◆ DATA
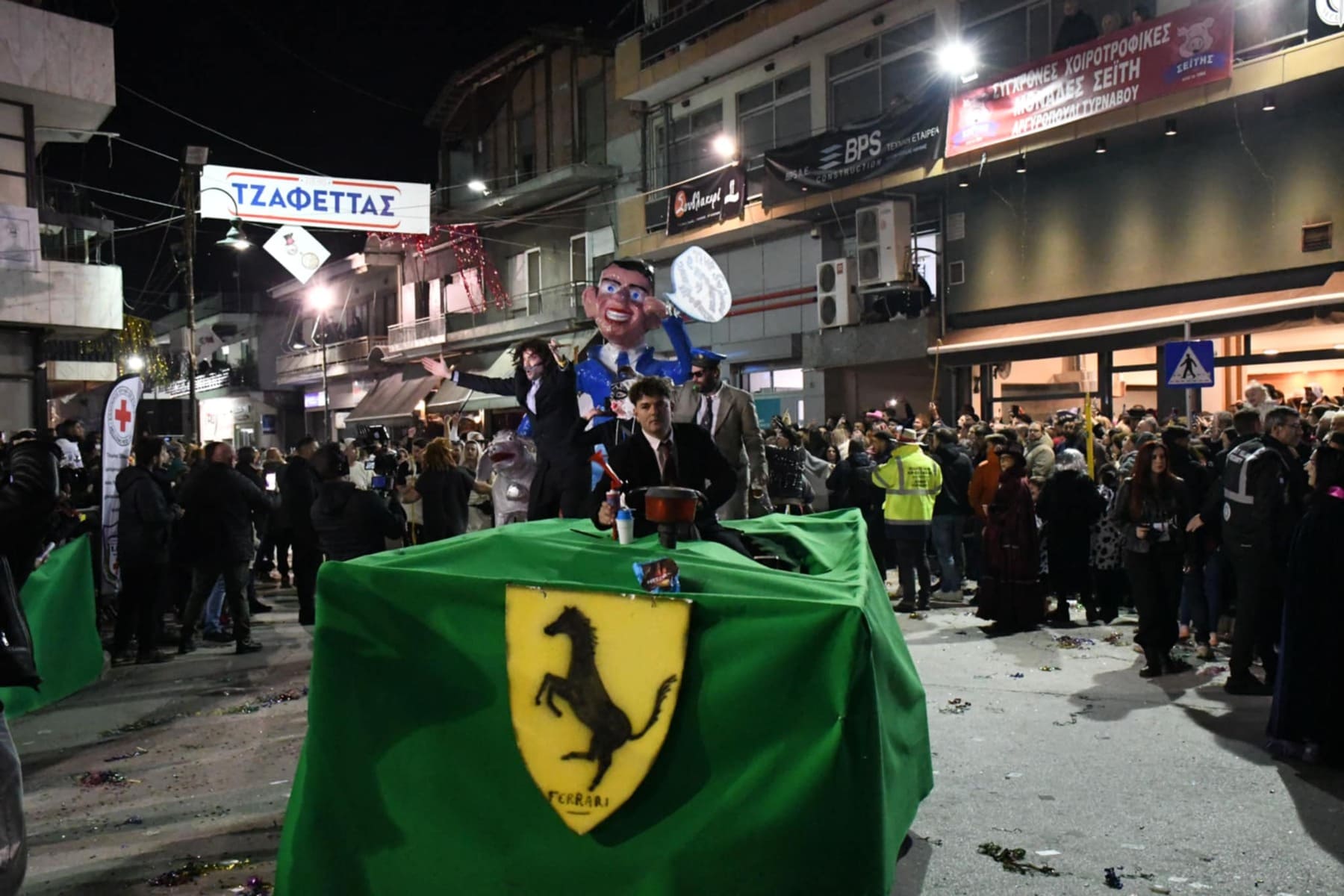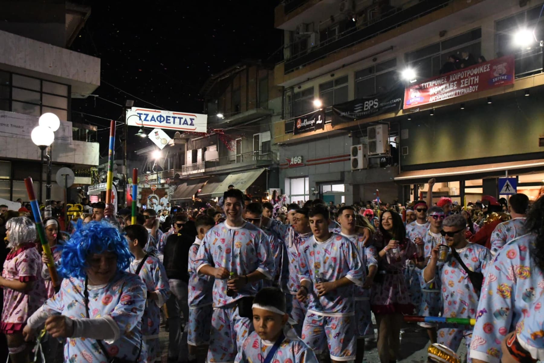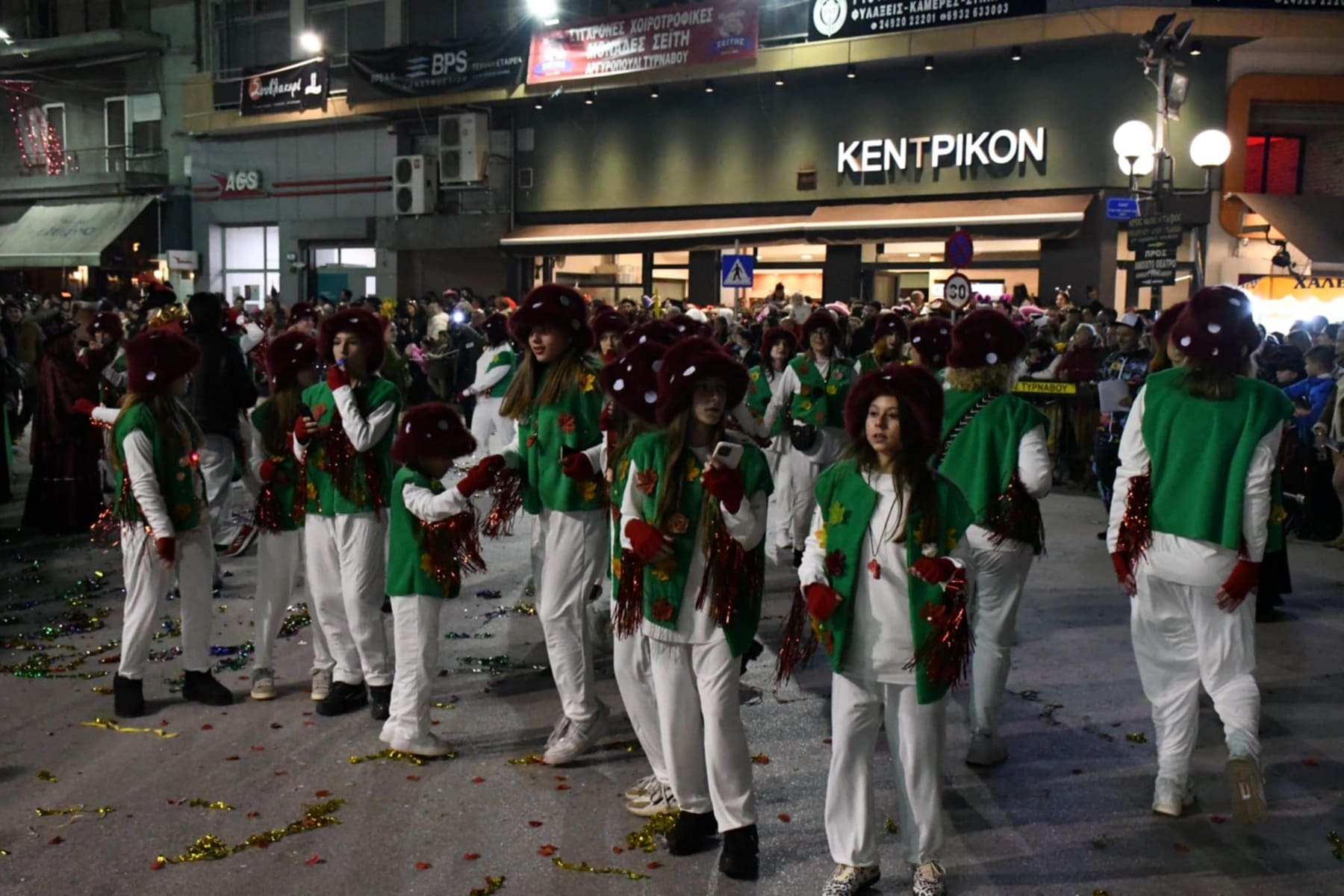 Οι καρναβαλιστές και ο κόσμος είχαν συρρεύσει από νωρίς το απόγευμα της Κυριακής στην Θεσσαλική κωμόπολη και με το που έπεσε το φως της ημέρας τα άρματα έκαναν την εμφάνισή τους, πάντα με τις κατάλληλες… διονυσιακές νότες.
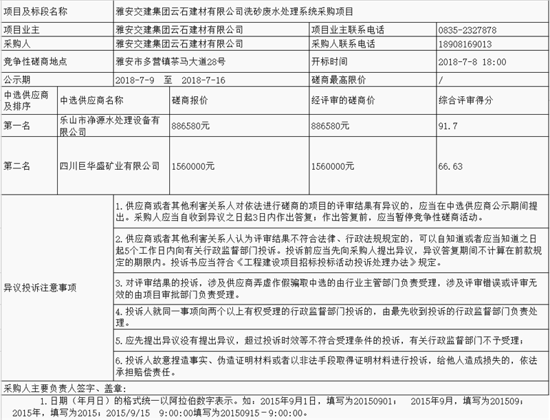 雅安交建集團(tuán)云石建材有限公司洗砂廢水處理系統(tǒng)采購(gòu)項(xiàng)目中選供應(yīng)商公示
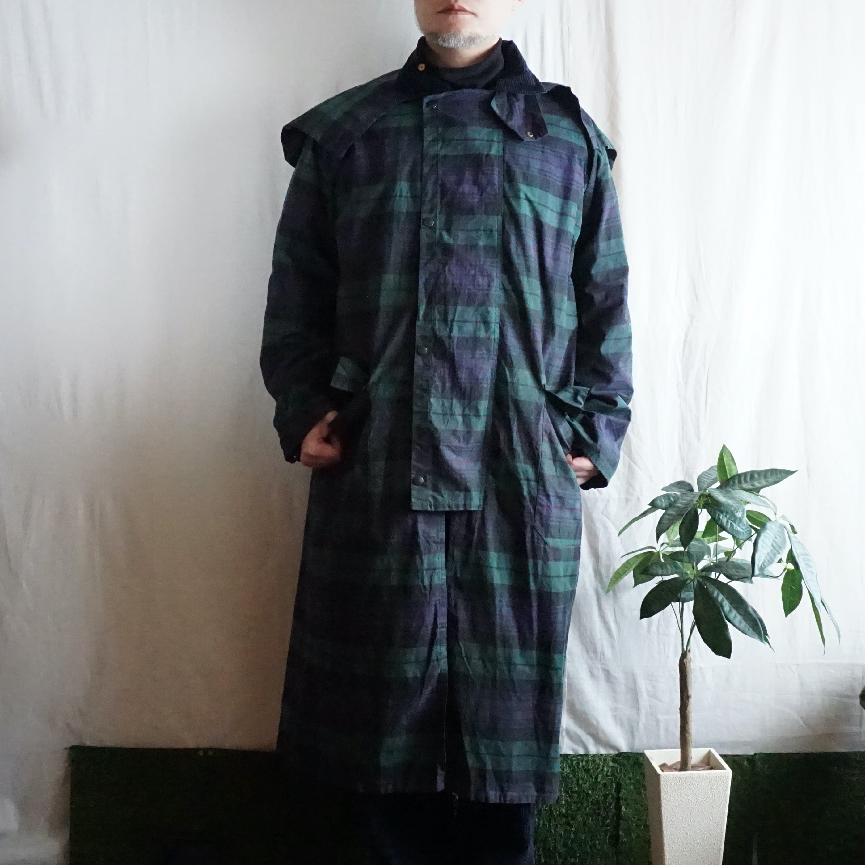 イギリス オイルドコットン ブラックウォッチ柄コート 80's UK [C1857]
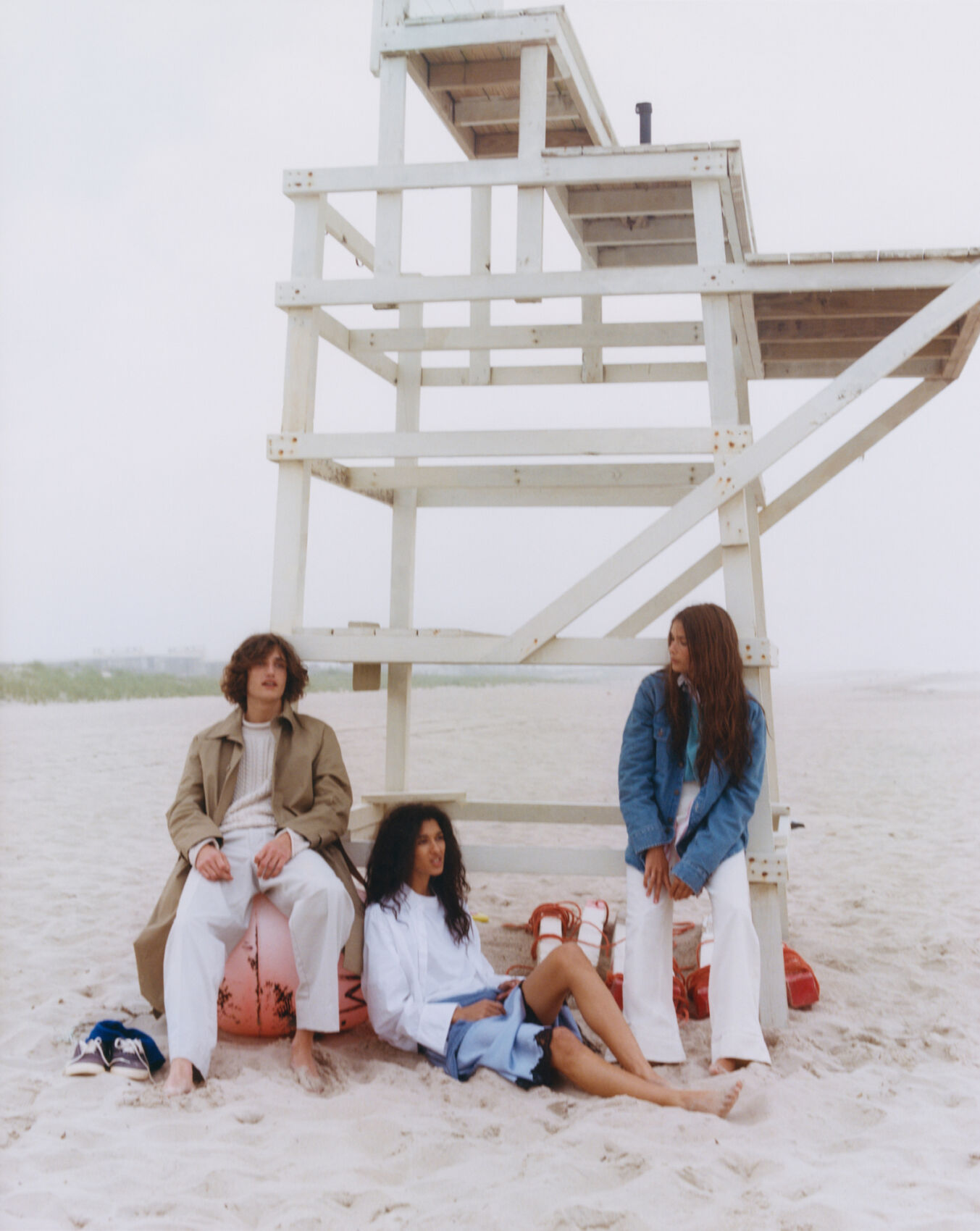 Three individuals are casually positioned under a tall, white lifeguard stand on a sandy beach. The muted, cloudy sky adds a soft backdrop. One person sits barefoot on a buoy, dressed in light clothing, while another leans against the structure. The scene captures a relaxed, summery atmosphere with the ocean and distant greenery visible in the background.
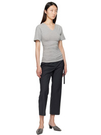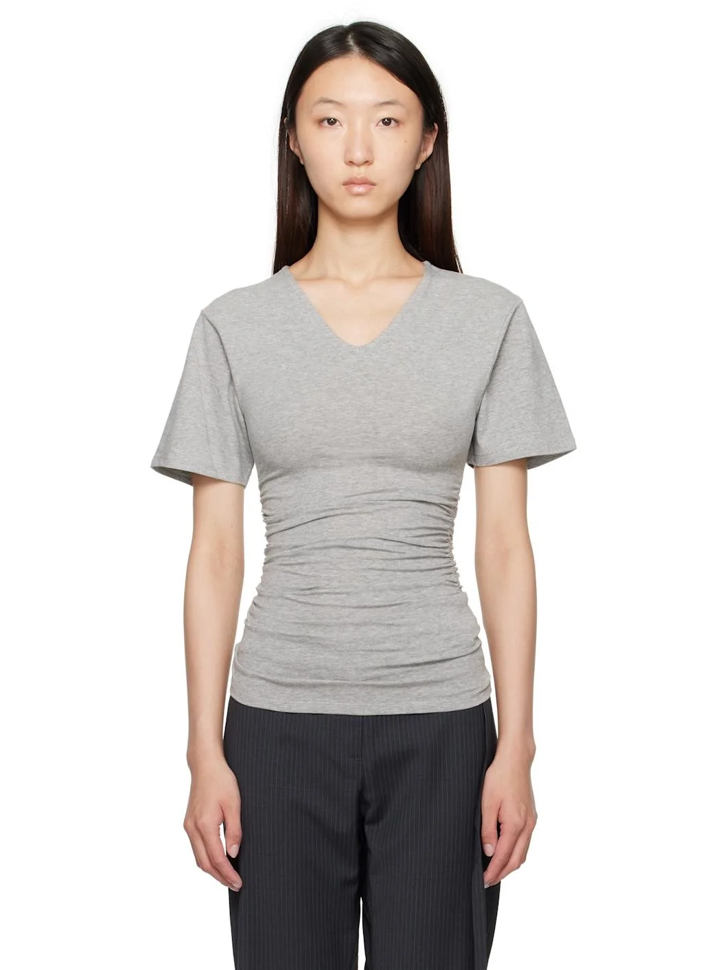 Stretch organic cotton jersey T-shirt. · V-neck · Ruching at side seams Supplier color: Grey 94% organic cotton, 6% elastane. Made in Portugal 252648F110025
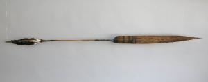 Freccia con punta e asta in canna. La penna è di colore nero con la parte finale bianca. L'estremità dell'asta più vicina alla penna è decorata con motivi pirografati. La decorazione è composta da cinque fasce. La punta é tinta di nero con il curaro sul retro, mentre il davanti presenta il veleno con un motivo geometrico con linee orizzontali e triangoli.
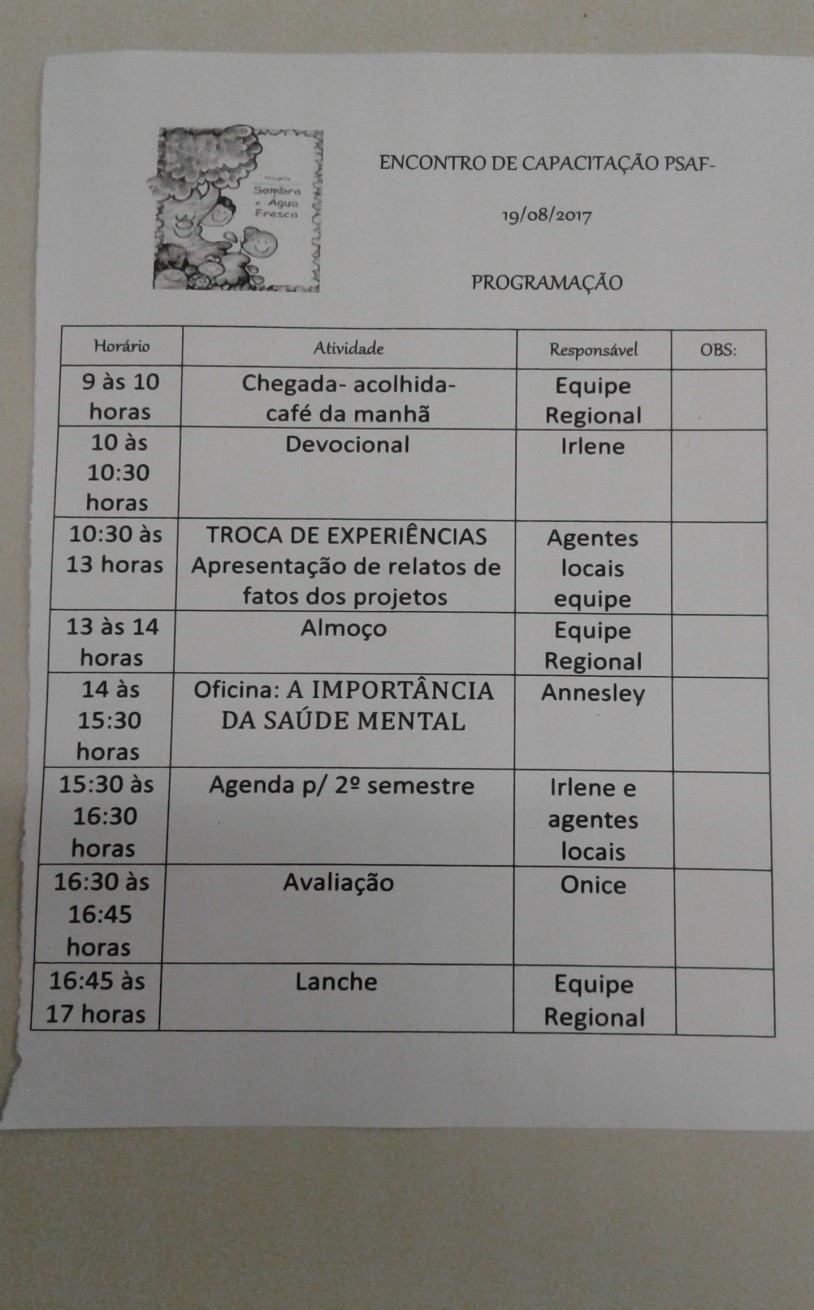 - A Alda falou pelo Projeto Viver e Crescer em Bandeirinha – Betim e esclareceu que o projeto existe desde 2004 e a partir de 2011 passou a ter personalidade jurídica. Tem CPNJ próprio o que proporcionou algumas parcerias importantes e enriquecedoras. Ultimamente listaram algumas necessidades e conseguiram mais de 20 itens como geladeira, computadores, etc. Passaram por um período difícil com a ausência de Onice quando ela foi para o SAF Nova Almeida, mas agora, mediante sua volta, o Projeto retomou sua caminhada com mais energia. Funciona de quarta a sábado e atende uma média de 40 crianças. Atualmente conta com um casal de voluntários Leia e Cid na área do Esporte. Sendo que Leia estava presente neste encontro. O Projeto sonha com encontros regulares com as famílias das crianças porque reconhece a importância da parceria. Contaram ainda que viveram bons momentos com a Festa da Colheita e outras celebrações. Relataram que cumpriram todo o currículo proposto para o 1º semestre da Educação Cristã.
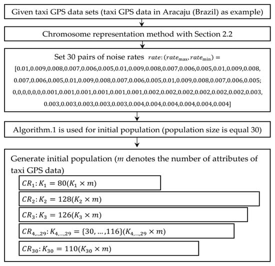 | Function: KMeanPlus (data, solution, dimension)//K-means++ [25] is employed to handle objective function value of noise, select initial seeds, and control the decreasing-rate Input: //give a group of the maximum and minimum noise rates (e.g., 30 pairs of noise rates), they are usually equal to population size. NIND//population size (for example NIND = 30). total_noise_ele_num//give the total number of noised elementary, it is usually equal the number of iterations which is used to noising operation. noise_ele_num//give the number of noised elementary, it is usually equal to population size, or set number of noised elementary. NS//it is the size of the neighborhood. data//input taxi GPS data sets Output: initial population Procedure: FOR 1 to NIND draw the initial current solution s randomly (s, chrom_s(K)) ← Call KMeanPlus (data, s, m)//calculate objective function of noise, and initial seeds, chrom_s denotes seeds of chromosome using K-means ++. best_sol ← s//it is the best solution found since the beginning best_sol(K) ← s//obtain number of clusters each chromosome best_chrom_sol ← chrom_s(K)//produce a chromosome to put into population //denote the value by which rate decrease. //gives the frequency of the restart of the current solution //give the current value of the noise rate //count the number of noise trial which have been applied. WHILE + 1 IF ←rate END solution s translate into binary bits and produce next solution s’//let s’ be the next neighbor of s solution s’ translate into decimal value K and determine K range between 2 and //produce the number of clusters let noise be a random real number uniformly drawn into search s’//search one of its neighbors IF s’ = ∅ Call KMeanPlus (data, s’, m) best_sol ← s’ ELSE perform solution for taxi GPS data sets to start producing chromosome END IF s ← s’ is controlled to produce chromosome END IF //mod is modulo //apply noise rate (=0) descent from s result in a good neighboring solution may be rejected END IF ← s s ← best_sol(K) best_chrom_sol ← chrom_s(K) END IF s ← best_sol(K) ← s END IF IF rate = rate − decrease ELSE rate = r_rate − decrease END END END produce a chromosome and record length of its (the number of clusters) END achieve population (30 chromosomes) initialization |
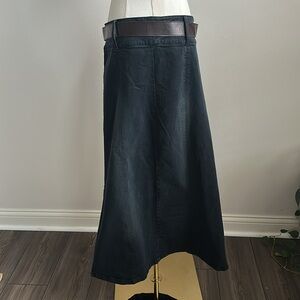 Vintage 90’s Y2K Lee Black Wash Boho Western Casual Midi Denim Modest Skirt 7/8
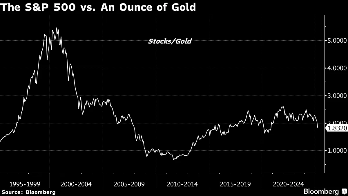 因此,我時不時會查看標普500指數與一盎司黃金的走勢對比圖。多年來我一直在寫這個話題。股票代表着人類的智慧與進取精神,是共同創造新價值產物的體現。而黃金呢?就相形見絀了。
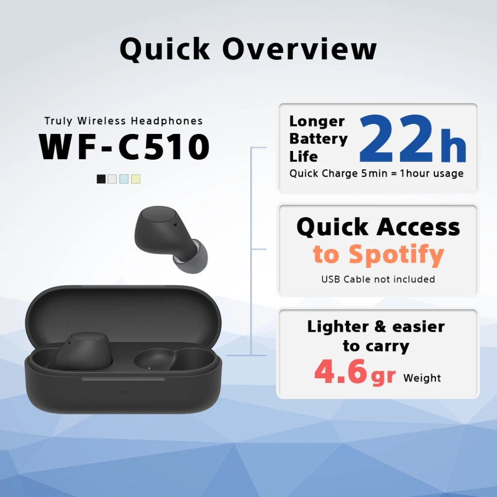 SONY WF-C510 TWS MULTIPLE CONNECTION, AMBIENT SOUND, BATTERY 11H, FASTER QUICK CHARGING, BLUETOOTH 5.0, IPX4 - WONDERLAND STORE

◆ EXERCISE BRIEF
Everything from the first line of the listing above through the line that contains "Freccia con punta" is to be restated word for word, minus the pictures.

◆ OUTPUT OF THE TASK
 Οι καρναβαλιστές και ο κόσμος είχαν συρρεύσει από νωρίς το απόγευμα της Κυριακής στην Θεσσαλική κωμόπολη και με το που έπεσε το φως της ημέρας τα άρματα έκαναν την εμφάνισή τους, πάντα με τις κατάλληλες… διονυσιακές νότες.
 雅安交建集團(tuán)云石建材有限公司洗砂廢水處理系統(tǒng)采購(gòu)項(xiàng)目中選供應(yīng)商公示
 イギリス オイルドコットン ブラックウォッチ柄コート 80's UK [C1857]
 Three individuals are casually positioned under a tall, white lifeguard stand on a sandy beach. The muted, cloudy sky adds a soft backdrop. One person sits barefoot on a buoy, dressed in light clothing, while another leans against the structure. The scene captures a relaxed, summery atmosphere with the ocean and distant greenery visible in the background.
 Stretch organic cotton jersey T-shirt. · V-neck · Ruching at side seams Supplier color: Grey 94% organic cotton, 6% elastane. Made in Portugal 252648F110025
 Freccia con punta e asta in canna. La penna è di colore nero con la parte finale bianca. L'estremità dell'asta più vicina alla penna è decorata con motivi pirografati. La decorazione è composta da cinque fasce. La punta é tinta di nero con il curaro sul retro, mentre il davanti presenta il veleno con un motivo geometrico con linee orizzontali e triangoli.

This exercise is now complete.